# [Dataset excerpt]
☆ ☆ ☆
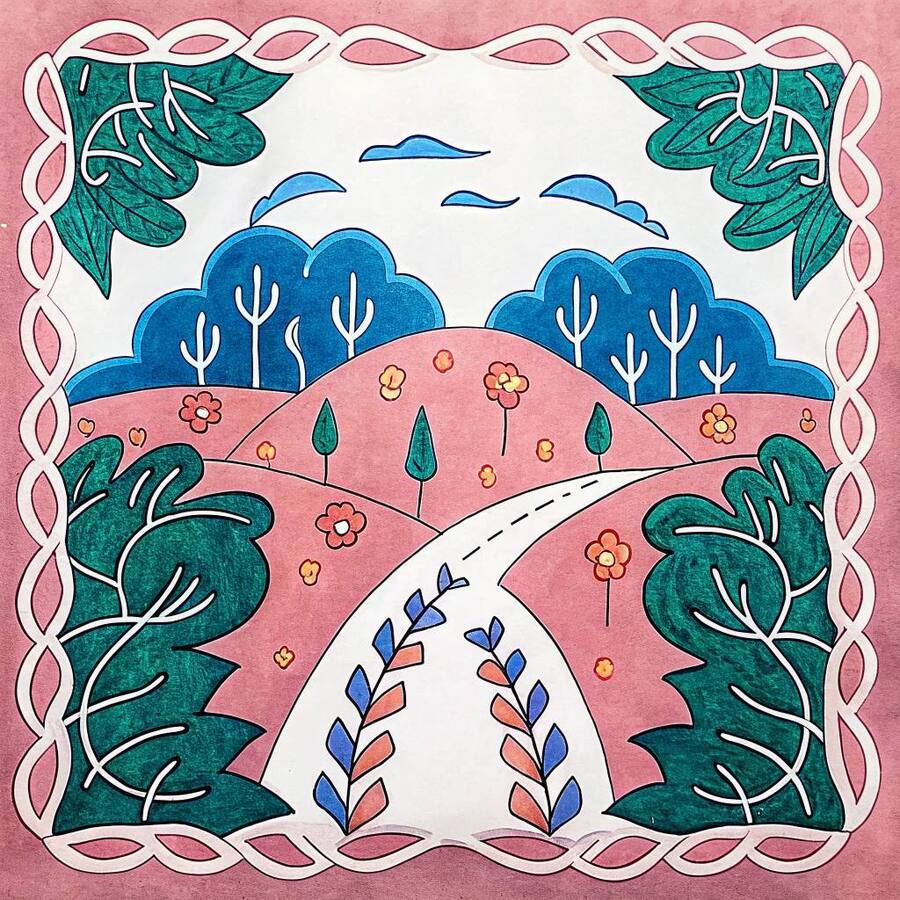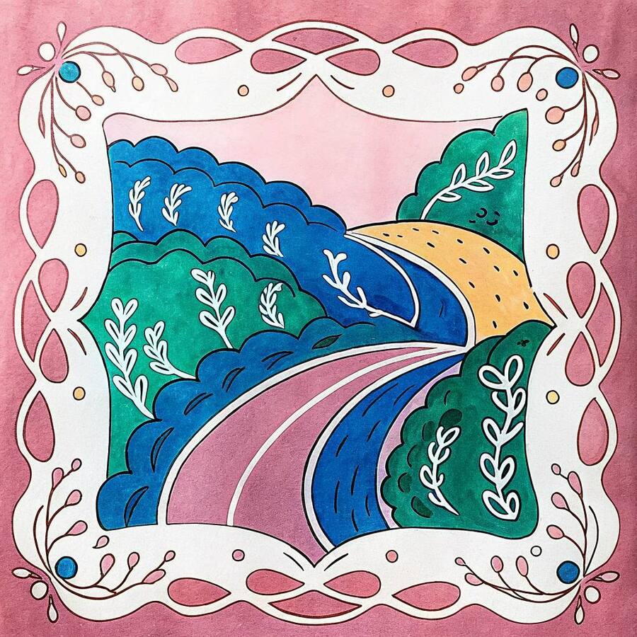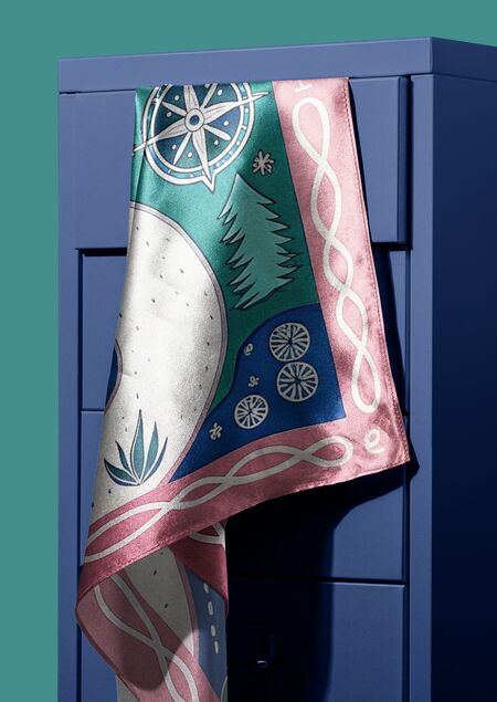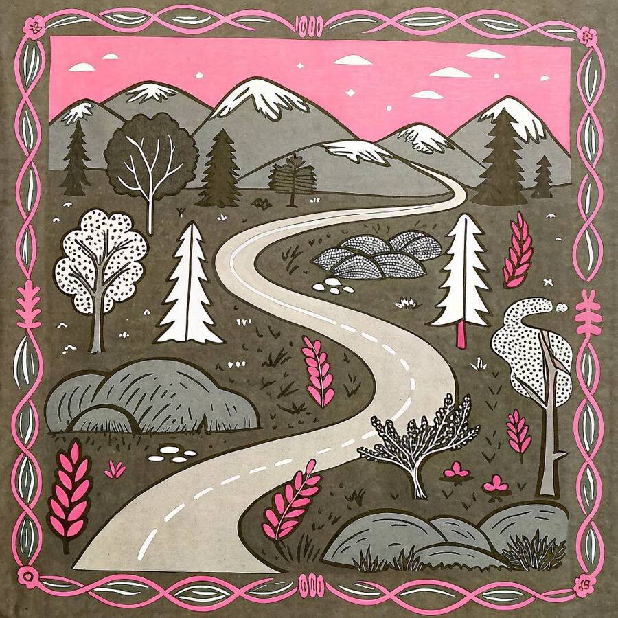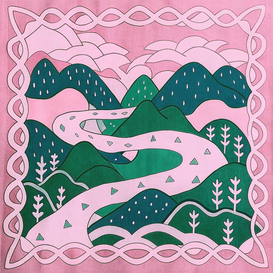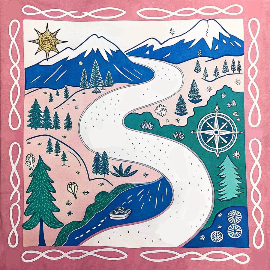 Принт вдохновлён темой «тропы», как символа жизненного пути. Он передаёт стремление к целям, перемены и надежду на светлое будущее. Дорога, изображённая на платке, символизирует движение вперёд, открывая новые возможности и перспективы. Атмосфера принта отражает пространство, где всё возможно, побуждая к поиску своего пути и вере в успех
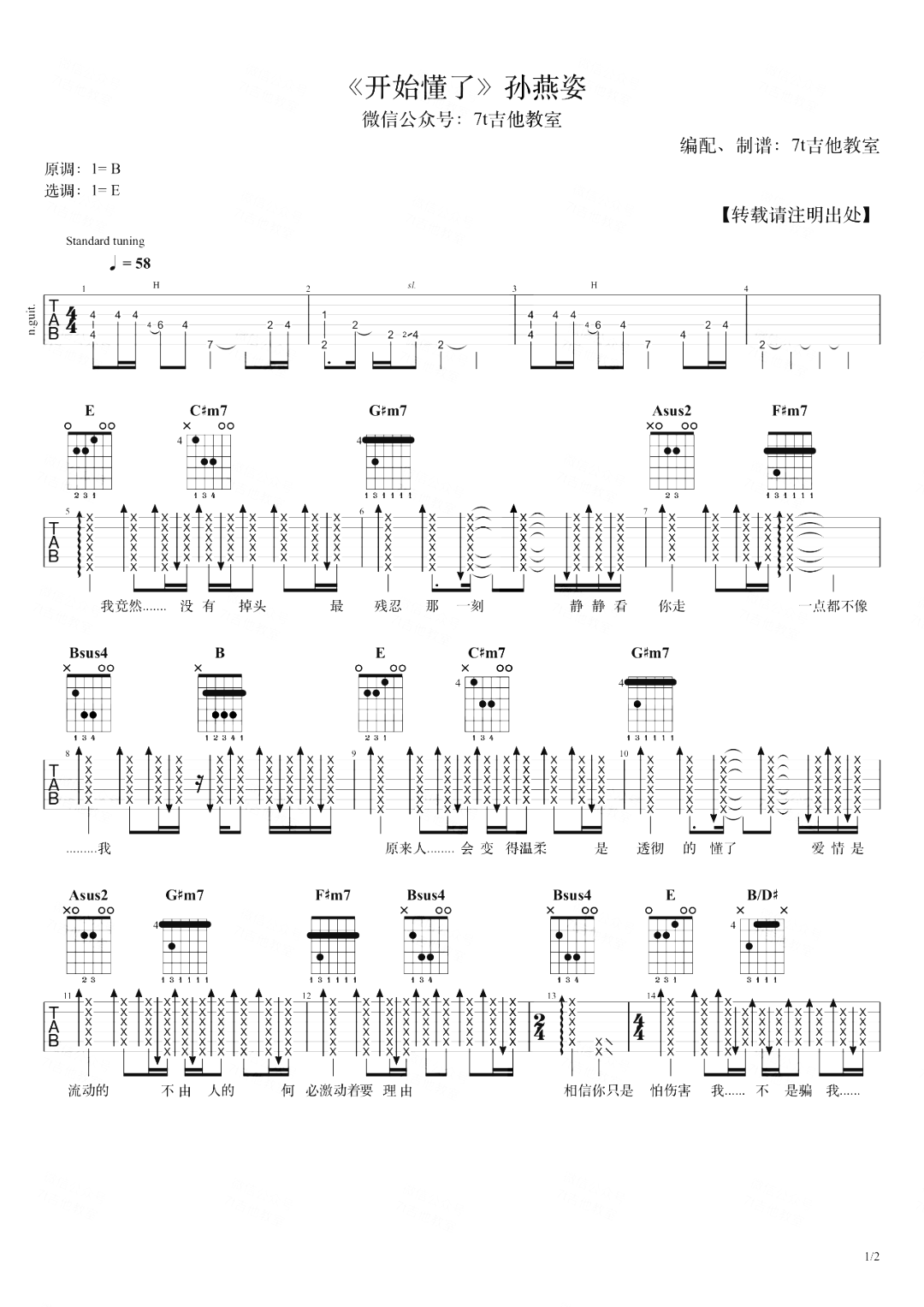 曲谱介绍: 吉他弹唱预览视频: 您的浏览器不支持。 《开始懂了》吉他弹唱谱,这首曲谱由7T吉他编配,原调是B调,选用E调指法,前奏完整,编曲比较精细,整体来说是适合大家练习弹唱的一个版本,吉他演示视频是由男生采用E调进行的弹唱,标准调音不用变调夹,大家可以参考吉他弹唱演示视频试听哦。
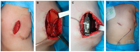 - Gill, R.; Kinsella, C.R., Jr.; Lin, A.Y.; Grunwaldt, L.J.; Jiang, S.; Deeney, V.F.; Losee, J. Acellular dermal matrix in the treatment and prevention of exposed vertical expandable prosthetic titanium ribs. Spine 2011, 36, E563–E567. [Google Scholar] [CrossRef]
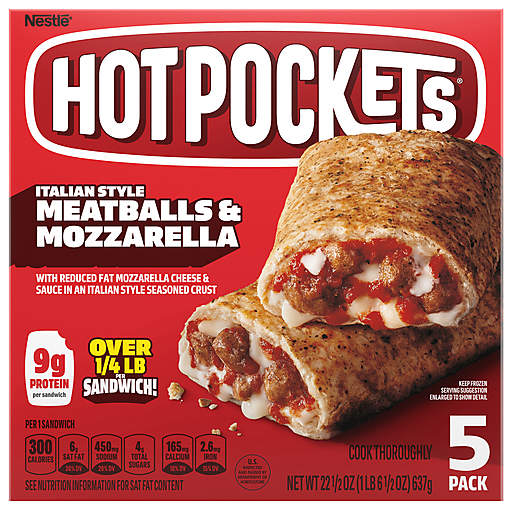 Hot Pockets Sandwiches, Meatballs & Mozzarella, Italian Style Seasoned Crust, 5 Pack 5 ea
☆ ☆ ☆
# [Problem to work on]
Nothing but the lines from the line containing "- Gill, R.;" through the last line of the listing above should appear, output exactly, with no pictures.

# [Result for this exercise]
 - Gill, R.; Kinsella, C.R., Jr.; Lin, A.Y.; Grunwaldt, L.J.; Jiang, S.; Deeney, V.F.; Losee, J. Acellular dermal matrix in the treatment and prevention of exposed vertical expandable prosthetic titanium ribs. Spine 2011, 36, E563–E567. [Google Scholar] [CrossRef]
 Hot Pockets Sandwiches, Meatballs & Mozzarella, Italian Style Seasoned Crust, 5 Pack 5 ea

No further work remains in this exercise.